Early in the morning, Georgina is driving the car on a quiet road in Sussex when a cyclist, Mr Smith, suddenly comes out in front of her. Despite braking, the car knocks the man over. Back in London, Lord and Lady Bellamy return. Sir Geoffrey Dillon arrives and informs them that Mr Smith has died. Richard blames Edward for allowing Georgina to drive. Lord Stockbridge's father, the Duke of Buckminster, forbids Robert, who was travelling in a separate car behind Georgina, from attending the inquest, and the solicitors have arranged to say that he was not there. At the inquest, Darrow, Peter and Ethel do not turn up, and Lady Dolly's testimony does more to harm Georgina's case than help. At the last minute, Lord Stockbridge turns up and insists on giving evidence. He tells the inquest how Georgina was only driving at 30 mph and says she could not have done anything to avoid running over Mr Smith. The verdict is given as "accidental death" but Georgina is rebuked for "irresponsible behaviour".

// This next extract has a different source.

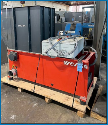
30-HP Weima WL4 Wood Shredder

Meanwhile, Edward is annoyed at being blamed for the car being taken, and tells Daisy he will resign. However, Richard soon speaks to him and apologises, saying Georgina had told him what happened. Georgina tells Lord Stockbridge after the inquest that she never wants to see Lady Dolly again and they then go together to the Savoy Grill for lunch.